$2 billion pulled from Brinson
The California Public Employees' Retirement System has terminated $2 billion in accounts with Brinson Partners because of performance reasons.
At a March 15 closed door meeting, the $166 billion fund terminated Brinson as manager of a $1.1 billion U.S. equity portfolio and a $960 million global asset allocation mandate. Foreign assets are being transferred to the SSgA International Equity Index fund, while domestic assets are being shifted to internally managed completion and inflation-indexed bond funds.
Separately, the CalPERS staff has picked a shortlist of six managers to run one or more U.S. equity portfolios totaling $1.8 billion from contracts expiring or terminating with Brinson, ValueQuest and Valenzuela. The six managers are: Fidelity; J.P. Morgan; Osprey; Pacific Financial Research; Pzena; and Sanford C. Bernstein.
ISS backs IBM employees
Institutional Shareholder Services, a proxy voting advisory service for institutional investors, is backing a shareholder resolution at the IBM annual meeting April 25 that would restore pension and retirement medical coverage for workers whose benefits were slashed by IBM last year. Analysts say the ISS recommendation could affect as much as 30% of the voting stock.
BGI tops in Europe
Demand from European pension funds for specialist U.S. and European equity mandates soared during 1998 and 1999, according to William M. Mercer.
A survey of 185 money managers operating in Europe showed the number of specialist U.S. equity mandates won by them jump to 161 for the year through June 1999 compared with 81 the previous year. Specialist European equity mandates rose 57% in the same period. Meanwhile the number of domestic bond mandates fell 26%, to 506.
Of the managers surveyed, Barclays Global Investors was ranked first according to the size of its European pension assets, with $106.9 billion.
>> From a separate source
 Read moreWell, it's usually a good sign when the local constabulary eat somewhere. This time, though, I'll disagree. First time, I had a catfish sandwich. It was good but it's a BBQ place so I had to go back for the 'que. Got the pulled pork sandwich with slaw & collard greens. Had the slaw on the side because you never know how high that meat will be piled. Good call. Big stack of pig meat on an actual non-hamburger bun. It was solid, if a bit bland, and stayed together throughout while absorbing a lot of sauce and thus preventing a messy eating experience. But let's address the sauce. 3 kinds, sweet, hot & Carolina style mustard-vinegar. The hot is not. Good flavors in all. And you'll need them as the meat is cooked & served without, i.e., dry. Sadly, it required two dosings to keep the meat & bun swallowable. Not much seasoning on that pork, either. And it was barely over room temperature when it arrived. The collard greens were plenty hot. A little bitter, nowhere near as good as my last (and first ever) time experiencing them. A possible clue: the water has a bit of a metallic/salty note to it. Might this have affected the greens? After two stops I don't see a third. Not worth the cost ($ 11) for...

The use of index funds increased markedly in the United Kingdom to 25% of pension assets managed by the respondents. But index funds' penetration in continental Europe as a whole was much smaller -- between 2% and 4% of pension assets. The total pension fund market in Europe is estimated at $3.7 trillion.
FIAT hires 2 managers
FIAT Capi e Quadri hired Romagest, the asset management arm of Banca di Roma, and Morgan Stanley Dean Witter to manage its 45 billion lire ($22 million) pension fund, said Lorenzo Barolo, vice president. Each manager will run 50% of the total, and each portfolio will be split 30% short-term domestic and international bonds, and 70% in a global balanced strategy. A minimum 45% of the balanced portfolios will be in long-term bonds, with the remainder in equities.
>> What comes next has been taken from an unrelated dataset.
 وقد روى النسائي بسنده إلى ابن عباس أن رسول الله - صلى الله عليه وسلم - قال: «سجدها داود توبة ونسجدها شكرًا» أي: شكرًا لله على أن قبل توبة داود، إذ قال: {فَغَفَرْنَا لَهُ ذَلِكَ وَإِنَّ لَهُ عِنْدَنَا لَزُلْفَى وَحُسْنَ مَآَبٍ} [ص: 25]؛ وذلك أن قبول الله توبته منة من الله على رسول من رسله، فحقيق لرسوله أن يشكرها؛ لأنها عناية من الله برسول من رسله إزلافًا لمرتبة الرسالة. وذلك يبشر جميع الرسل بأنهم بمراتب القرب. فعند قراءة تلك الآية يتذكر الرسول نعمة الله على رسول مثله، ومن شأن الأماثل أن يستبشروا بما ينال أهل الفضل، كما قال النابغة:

"No tobacco" bond holdings
The $3 billion Contra Costa County Employees' Retirement Association adopted tobacco-free restrictions for a $400 million core domestic fixed-income portfolio managed by Scudder Kemper, said Patricia Wiegert, retirement administrator. The portfolio has no tobacco-related holdings, and Scudder Kemper said the policy would not change how the portfolio is managed or the fees charged, Ms. Wiegert said.
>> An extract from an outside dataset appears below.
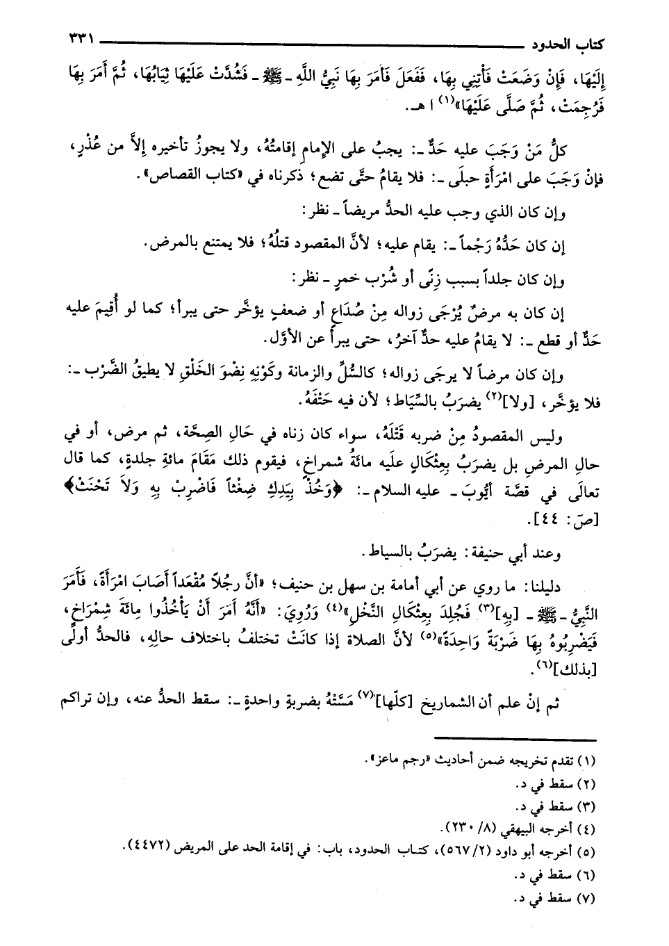 إن كان به مرضٌ يرجى زواله من صداع أو ضعف يؤخر حتى يبرا؛ كما لو أقيم عليه حد أو قطع-: لايقام عليه حد آخر، حتى يبرأ عن الأول.

The board will ask Barclays Global Investors whether it's possible to run its $480 million in pooled indexed U.S. bonds, which track the Lehman Brothers Aggregate Bond index, on a tobacco-free basis.
Illinois Teachers taps 2
The $22 billion Teachers' Retirement System of the State of Illinois completed another phase its restructuring by hiring two large-cap value equity managers. Dodge & Cox and GE Investment Management each received mandates of 10% of U.S. equity assets, or about $700 million, said Keith Bozarth, executive director. Strategic Investment Solutions assisted.
Retirement plans to merge
Pending regulatory approval, New Century Energies will merge with Northern States Power and the companies' retirement plans will be combined. New Century's $1.3 billion master trust has a cash balance plan and two traditional defined benefit plans. Northern States has a $2.3 billion defined benefit plan.
Searching for 2 execs
The $4.6 billion Employees' Retirement System of Rhode Island appointed a five-member search committee to find replacements for Director Joann Flaminio and Assistant Director James Reilly; both will step down June 30. Ms. Flaminio resigned to pursue other endeavors; Mr. Reilly is retiring. The committee will draft RFPs at its April 19 meeting.
Distribution manager chosen
Memorial Sloan-Kettering Cancer Center, with $2 billion in assets, hired Warburg-Pincus as distribution manager, said CFO Michael Gutnick.
Warburg will determine the best time for selling the shares of stock that venture cap and private equity firms have been giving the endowment fund as distributions.
Memorial also committed $10 million to Thomas Lee Fund V. Funding will come from its $300 million private equity program.
Donovan quits CBOT posts
Thomas R. Donovan announced his resignation as president and CEO of the Chicago Board of Trade, positions he held since 1982. He will retain the title of president emeritus. No reason was given for his resignation and Katherine Spring, a spokeswoman for the exchange, said she could not comment.